Inscribed by French Author and Philosopher Yves Simon,
"The Philosopher of the Fighting French"

Simon, Yves R. The Road to Vichy. 1918-1938. New York: Sheed & Ward, 1942.

Octavo. Hardcover. 1st Edition.

First edition of Yves Simon's powerful philosophical history and analysis of the route France took toward embracing fascism through the Vichy, inscribed: "To Helen R. Fairbanks. Yves Simon," and additionally signed by translator James Corbett, in the original dust jacket. French philosopher Yves Simon was known for his fervent embrace of democracy during World War II. After accepting an appointment as a visiting professor at Notre Dame in 1938, he found himself trapped at the university for the duration of the war.

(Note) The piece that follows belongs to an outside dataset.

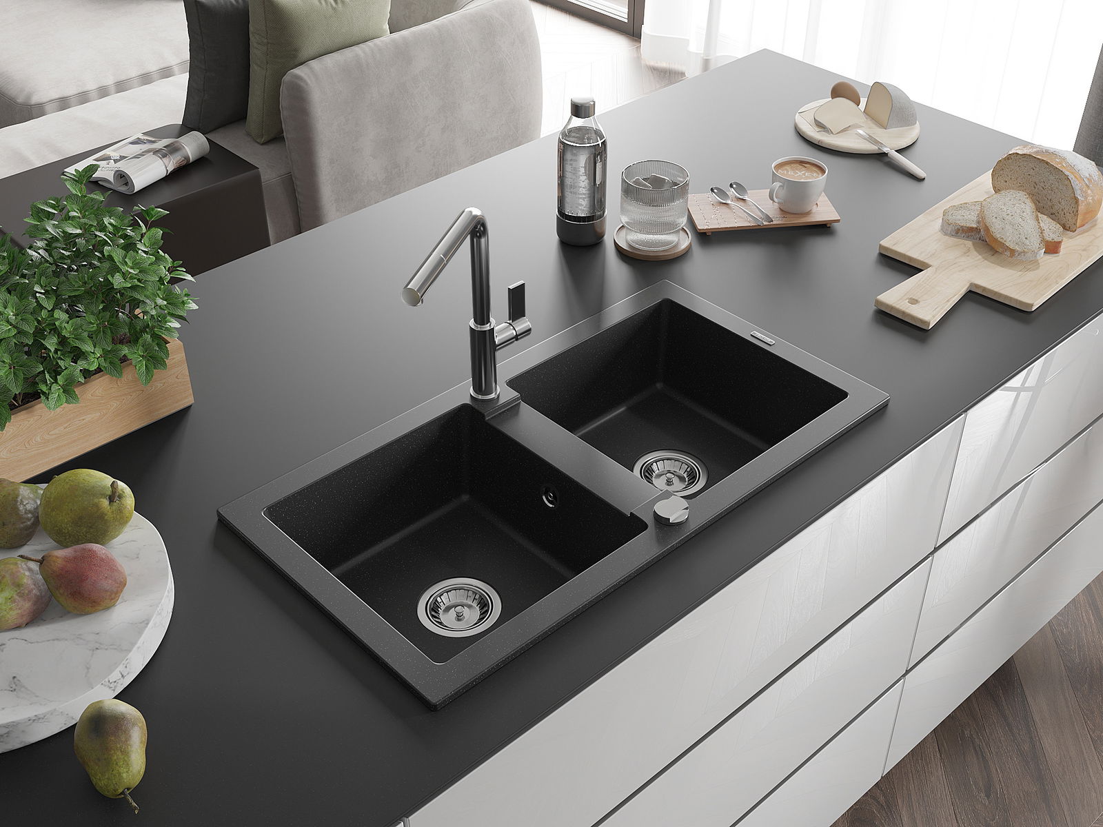 Mexen Mario νεροχύτης γρανίτης 2 θαλάμων με μπαταρία κουζίνας Flora,
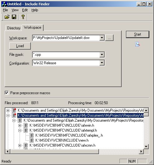 К приятным возможностям стоит отнести поиск по маске в пределах «рабочего пространства», разбор макросов препроцессора и возможность экспорта получившегося дерева включений в XML.

He used that time to advocate for an end to fascism. According to Notre Dame, Simon was praised in a leaflet dropped a day before the Allied invasion for "keeping alive the light of the French cause in the United States." This commitment earned him the moniker of "the philosopher of the Fighting French."  "The Road to Vichy is a translation of a manuscript Simon completed in French in 1941. It chronicles the decline of France's will to resist the threat of Hitler's Germany. What distinguishes the study is Simon's extraordinary capacity for disinterested judgment of the thinkers and actors, political and intellectual, left and right, Catholic and secular, who together created the climate insuring France's defeat by the Germans in 1941" (Journal of Politics). "The recent history of Europe offers rich material to the writer of tragedy. The disasters that we have already experienced and those that menace us appear avoidable when we consider their beginnings of 25 years ago... Prof. Simon gives vivid expression to this tragic character in his account of the confusing and blinding consequences of the fears and hatreds of the French middle class" (Review of Politics).   The woman to whom this copy is inscribed, Helen Fairbanks, was a nonfiction author. Old price on inscription page. Shelf number on front pastedown. Book fine, rare dust jacket extremely good with a bit of wear to extremities and faint dampstaining and a bit of toning to spine. A rare inscribed copy.